◆ **RECORDS PROVIDED**
◇ ◇ ◇ ◇ ◇

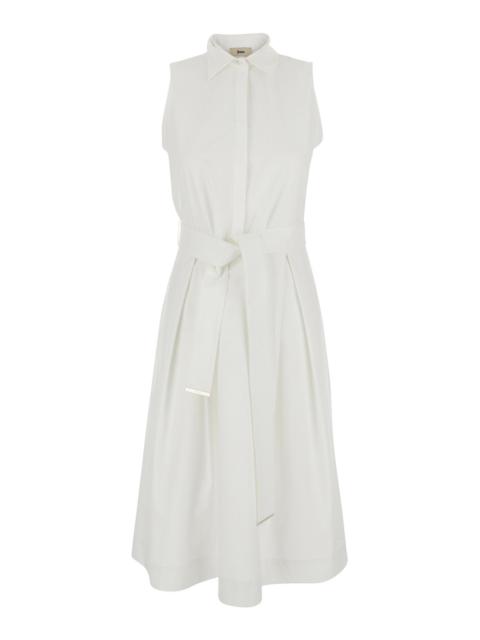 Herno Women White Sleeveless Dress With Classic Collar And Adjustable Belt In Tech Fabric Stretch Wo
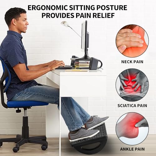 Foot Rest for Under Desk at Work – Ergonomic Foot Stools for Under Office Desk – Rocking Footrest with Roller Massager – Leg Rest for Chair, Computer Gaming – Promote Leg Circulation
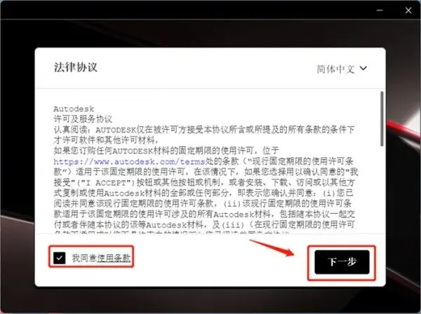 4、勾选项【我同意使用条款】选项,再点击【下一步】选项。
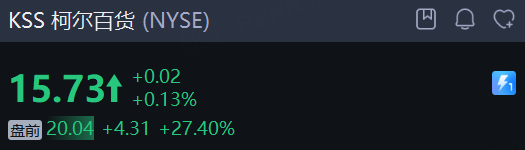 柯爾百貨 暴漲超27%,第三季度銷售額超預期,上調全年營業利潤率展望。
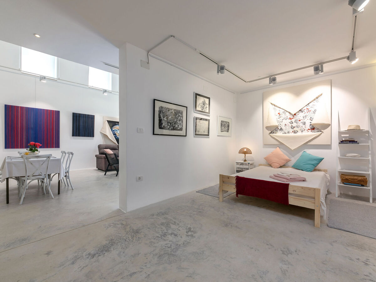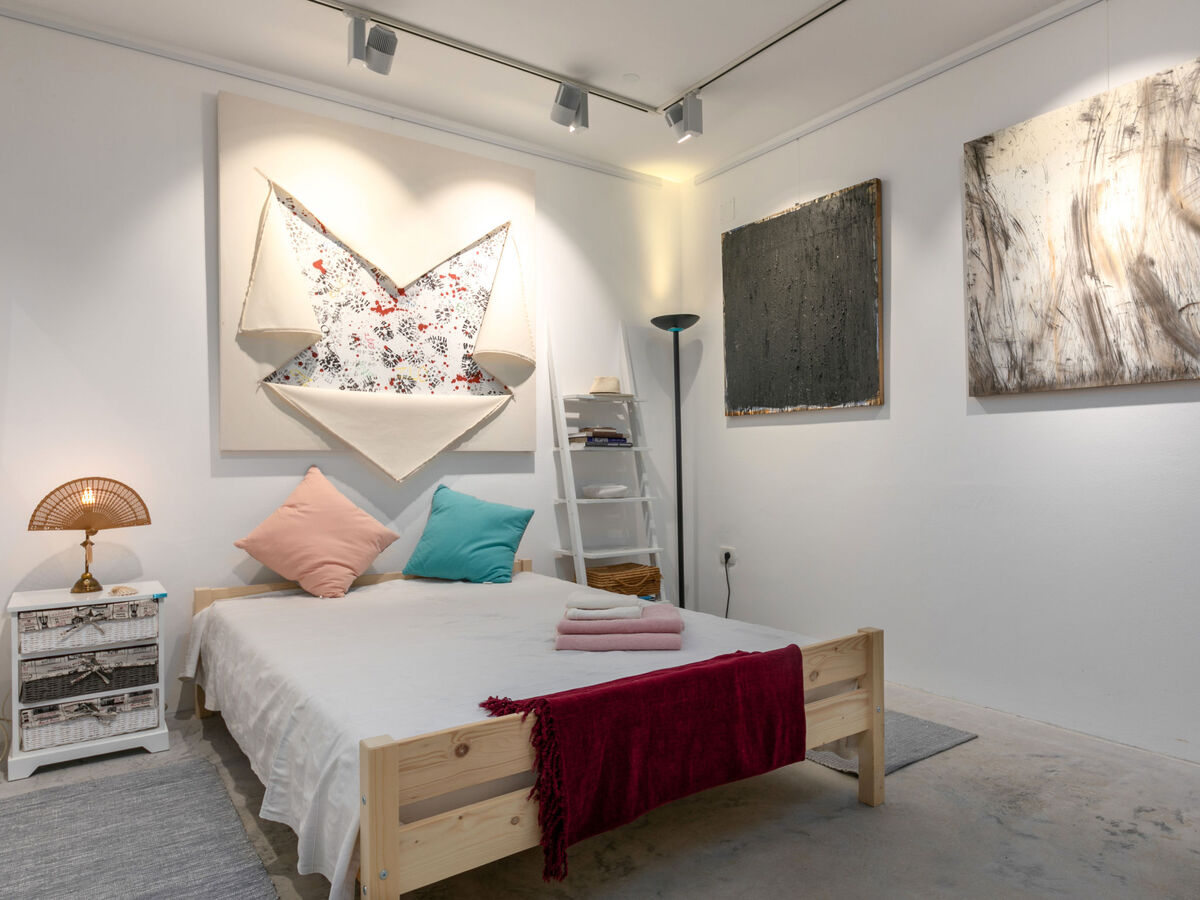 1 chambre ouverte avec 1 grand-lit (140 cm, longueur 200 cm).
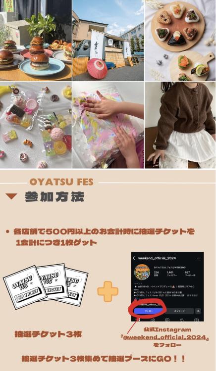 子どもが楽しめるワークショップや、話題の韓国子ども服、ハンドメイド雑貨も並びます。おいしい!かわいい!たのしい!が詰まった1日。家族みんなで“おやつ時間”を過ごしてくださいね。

◇ ◇ ◇ ◇ ◇

◆ **WORK TO BE COMPLETED**
What is needed is an exact copy of the lines from the one with "4、勾选项【我同意使用条款】选项,再点击【下一步】选项。" through the end of the data above, both included, minus any pictures.

◆ **ANSWER FOR THE TASK**
 4、勾选项【我同意使用条款】选项,再点击【下一步】选项。
 柯爾百貨 暴漲超27%,第三季度銷售額超預期,上調全年營業利潤率展望。
 1 chambre ouverte avec 1 grand-lit (140 cm, longueur 200 cm).
 子どもが楽しめるワークショップや、話題の韓国子ども服、ハンドメイド雑貨も並びます。おいしい!かわいい!たのしい!が詰まった1日。家族みんなで“おやつ時間”を過ごしてくださいね。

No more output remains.